Kedua adalah eco-anxiety atau kecemasan iklim. Ini adalah perasaan cemas dan takut yang kronis tentang masa depan planet yang dirusak oleh perubahan iklim. Kecemasan iklim sering dialami oleh kaum muda yang merasa warisan lingkungan mereka terancam. Gejala yang muncul dapat berupa gangguan tidur, perasaan tidak berdaya, kelesuan emosional, dan rasa putus asa. Kondisi ini dapat berujung pada eco-paralysis, yaitu kondisi pasrah dan tidak bertindak karena merasa masalahnya terlalu besar untuk diatasi sendiri, yang secara tidak langsung menghambat upaya adaptasi dan mitigasi krisis iklim.
Ketiga adalah dampak tidak langsung melalui perubahan lingkungan fisik dan sosial. Peningkatan suhu global secara ekstrem, misalnya, telah terbukti berkorelasi dengan peningkatan agresi dan mudah tersulutnya emosi di masyarakat. Sebuah studi internasional yang menganalisis unggahan media sosial di berbagai negara menunjukkan bahwa ketika suhu mencapai di atas 35∘C, nada emosional unggahan warganet cenderung lebih negatif. Selain itu, polusi udara yang meningkat akibat kebakaran hutan dan emisi dapat memperburuk kondisi individu yang sudah memiliki gangguan kesehatan mental. WHO mencatat bahwa krisis iklim memperburuk beban kesehatan mental global yang sudah berat, di mana mayoritas penderita gangguan jiwa tidak menerima perawatan yang memadai.

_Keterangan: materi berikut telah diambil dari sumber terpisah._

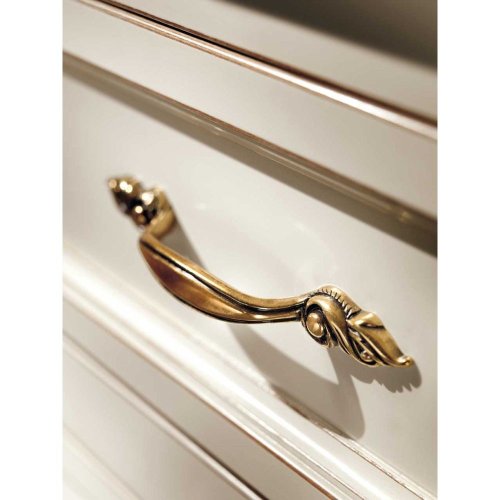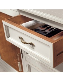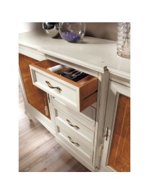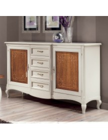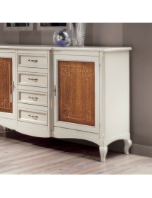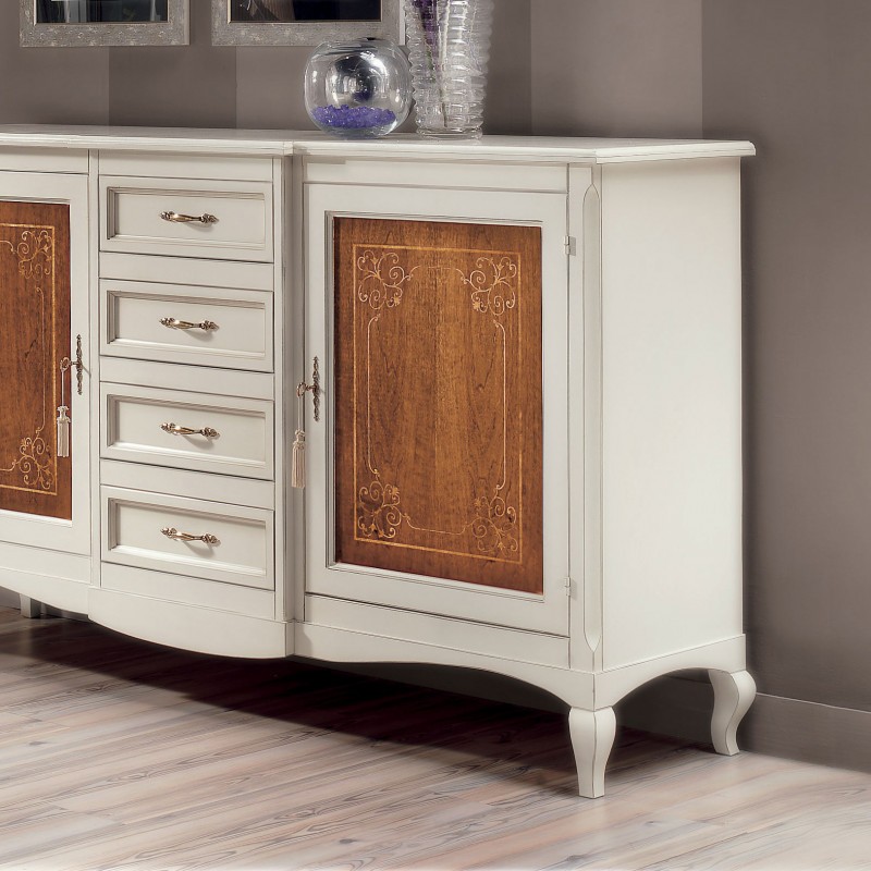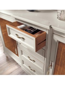 Credenza classica finitura bicolore, costruita in legno massello gambe anteriori e posteriori curvate e fascia sottostante sagomata. Porte battenti con decori e filettature realizzate con maestria da artigiani del settore, aggiungendo un tocco di unicità con i 4 cassetti centrali realizzati in un corpo avanzato . ideale per una zona soggiorno classica o come elemento di contrasto con mobili moderni.

Melihat kompleksitas ini, penanganan Pemanasan Global harus mengintegrasikan aspek kesehatan mental dalam kebijakan iklim dan penanggulangan bencana. Pemerintah dan organisasi kesehatan perlu mengembangkan program dukungan psikososial yang berbasis komunitas dan mempromosikan literasi iklim. Resiliensi psikologis dapat dibangun melalui dukungan sosial yang kuat, efikasi diri kolektif, dan kemampuan untuk beradaptasi. Dengan mengakui dan menangani dampak mental ini secara serius, kita tidak hanya berjuang untuk menyelamatkan lingkungan, tetapi juga untuk menjaga kesejahteraan emosional generasi saat ini dan yang akan datang.